## Information shown
━━━━━━━━━━━━━━━━━━━━━━━━━━━━━━
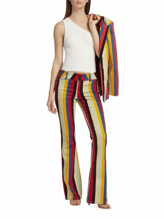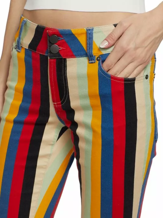 Slung with a chic mid-rise fit, these bell bottom pants elongate the leg with a striking vertical stripe.
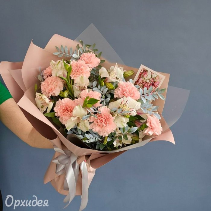 Каждая изготавливаемая флористом цветочная композиция является уникальной и может отличаться внешним видом, размером и оттенками цвета. Также возможны замены по ассортименту и составу цветов в зависимости от сезонности, наличия цветов и т.п. факторов. Итоговое исполнение заказа может незначительно отличаться от иллюстрации на сайте. При этом каждая цветочная композиция составляется из свежих цветов, и флористы предпринимают все усилия для того, чтобы цвет, форма цветочной работы как можно полнее соответствовали иллюстрации на сайте.
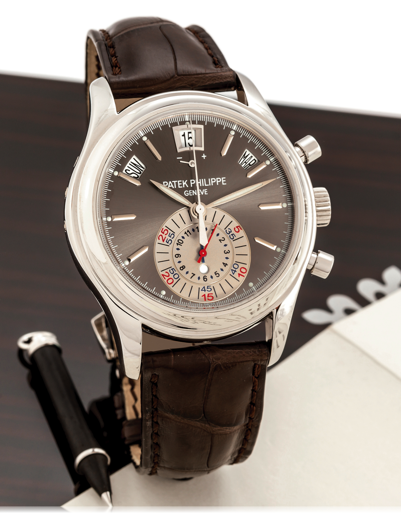 PATEK PHILIPPE REF. 5960 ANNUAL CALENDAR CHRONOGRAPH PLATINUM Patek Philippe, Genève, Annual Calendar Chronograph, No. 3500342, case No. 4374859, Ref. 5960P-001. Sold on March 30th 2007. Very fine, self-winding, water-resistant, platinum with round button Flyback chronograph, combined 30/60- minute and 12-hour totalizer, annual calendar, power reserve, day/night indications and a platinum Patek Philippe deployant clasp. Accompanied by the original fitted box, Certificate of Origin, instruction booklet, booklets and setting pin.
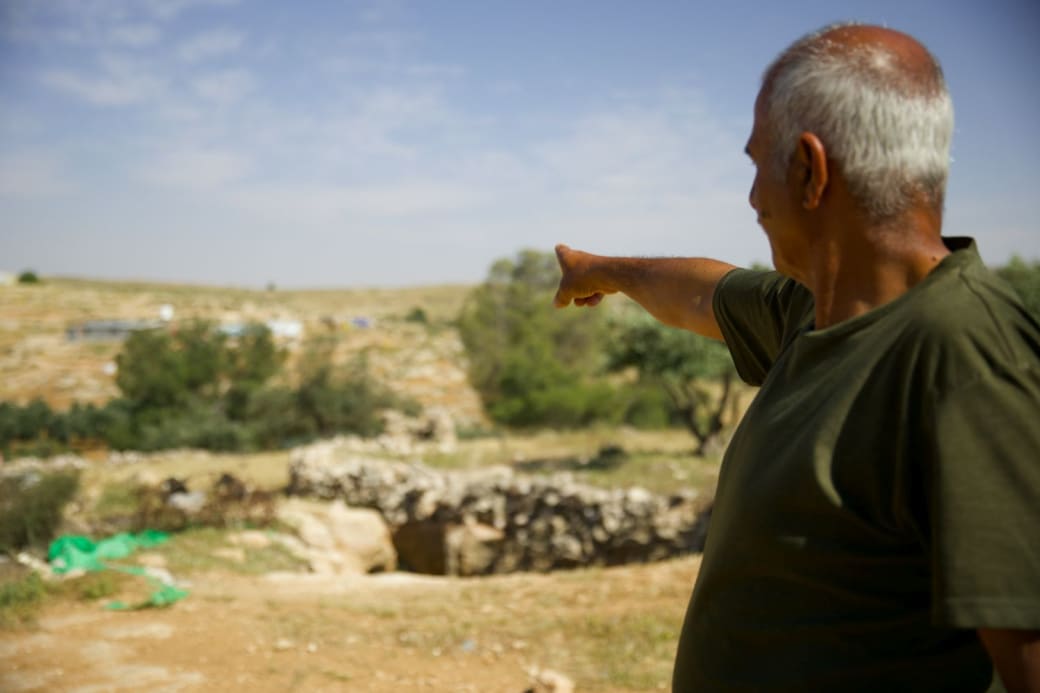 Een inwoner van Susiya wijst naar twee nieuwe Israëlische voorposten op de heuveltoppen die het dorp omringen.
━━━━━━━━━━━━━━━━━━━━━━━━━━━━━━
Once the images are set aside, retype all of the material above exactly.

## Result for this exercise
 Slung with a chic mid-rise fit, these bell bottom pants elongate the leg with a striking vertical stripe.
 Каждая изготавливаемая флористом цветочная композиция является уникальной и может отличаться внешним видом, размером и оттенками цвета. Также возможны замены по ассортименту и составу цветов в зависимости от сезонности, наличия цветов и т.п. факторов. Итоговое исполнение заказа может незначительно отличаться от иллюстрации на сайте. При этом каждая цветочная композиция составляется из свежих цветов, и флористы предпринимают все усилия для того, чтобы цвет, форма цветочной работы как можно полнее соответствовали иллюстрации на сайте.
 PATEK PHILIPPE REF. 5960 ANNUAL CALENDAR CHRONOGRAPH PLATINUM Patek Philippe, Genève, Annual Calendar Chronograph, No. 3500342, case No. 4374859, Ref. 5960P-001. Sold on March 30th 2007. Very fine, self-winding, water-resistant, platinum with round button Flyback chronograph, combined 30/60- minute and 12-hour totalizer, annual calendar, power reserve, day/night indications and a platinum Patek Philippe deployant clasp. Accompanied by the original fitted box, Certificate of Origin, instruction booklet, booklets and setting pin.
 Een inwoner van Susiya wijst naar twee nieuwe Israëlische voorposten op de heuveltoppen die het dorp omringen.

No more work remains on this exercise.